Practically every organization that sells a product or offers a service has a customer service department. The consequences of poor customer services typically includes dissatisfied customers, lower sales, increased customer service costs and fewer customers that would buy the product or service again. A poor Customer Service department can have drastic consequences to the fortunes of an organization. Though to be fair, not all effects are caused by an inefficient Customer Service department.
Here are some scenarios for Root Cause Analysis for Customer Service are:
- Scenario 1: Waiting time for customers is unacceptably long
- Scenario 2: Too many unresolved customer queries
- Scenario 3: No cross- or up-selling sales
Sometimes there may be a link between multiple problems. For example, the waiting time for customers is long because the agent is trying to resolve a call. Alternatively, the agent might not have access to the necessary resources and therefore takes longer than expected to close a call. There might be too many unresolved calls because the agent hasn’t had the necessary training on the product knowledge. Or, it could simply be that the training provided is not helping the agent resolve the queries.

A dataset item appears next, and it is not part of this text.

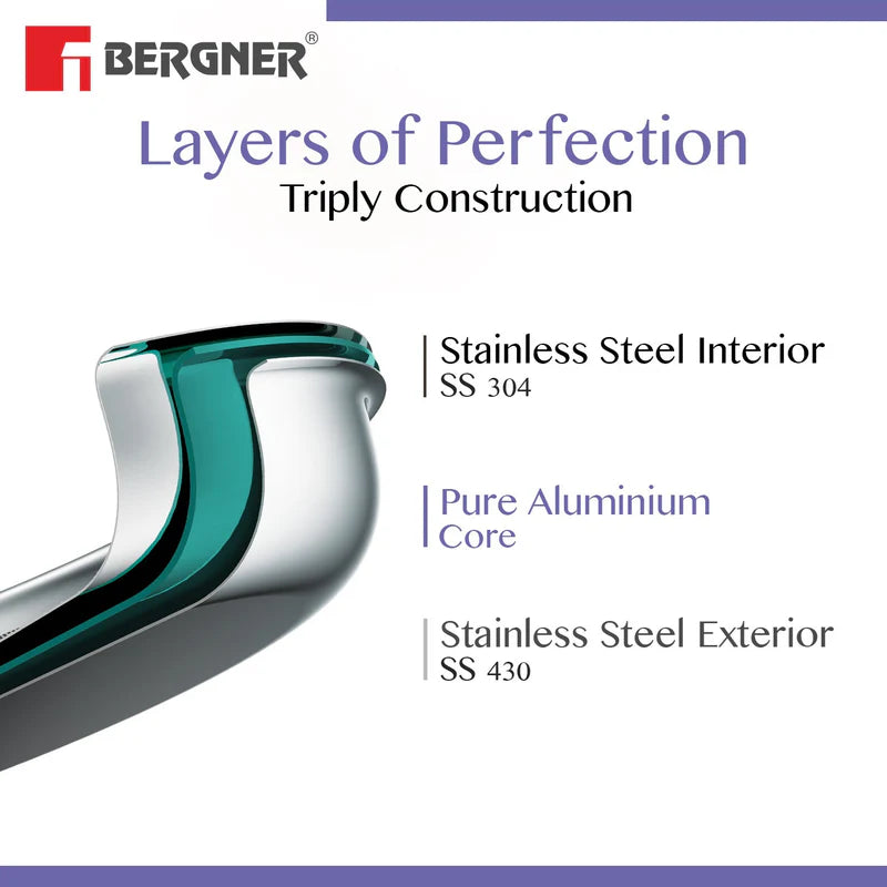Bergner BE Bergner Essentials Tri-Ply Stainless Steel Biryani Handi with Lid, Induction Bottom (5-Year Warranty)
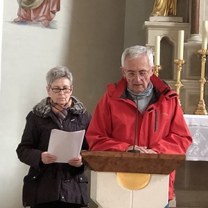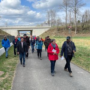 Nach dem Pilgersegen und einem gemeinsamen Gebet zum heiligen Martin brach die Gruppe nach Markt Sankt Martin auf. Bei der ersten Statio bedachten die Pilgerinnen und Pilger in einem Wechselgebet, was ihnen heilig ist, was sie schützen und wofür sie sich einsetzen wollen. Die Sorgen um die Schöpfung wurden Gott ebenso anvertraut, wie das persönliche Engagement für Umwelt und Gesellschaft. Bei der zweiten Statio wurde um den Schutz der Gottesmutter Maria gebetet.

Conducting a Pareto Analysis would be useful in these situations, especially Scenario 2. Read the When Do You Need to Use a Pareto Chart? article for an RCA scenario that is solved using Pareto Analysis.
Fortunately, there is not a whole lot a Customer Service department can do if the product or service offered by an organization is not up-to-the-mark. For example, a faulty design of a product will inevitably lead to dissatisfied customers. By performing an RCA, you would get to know all the causes, including design flaws.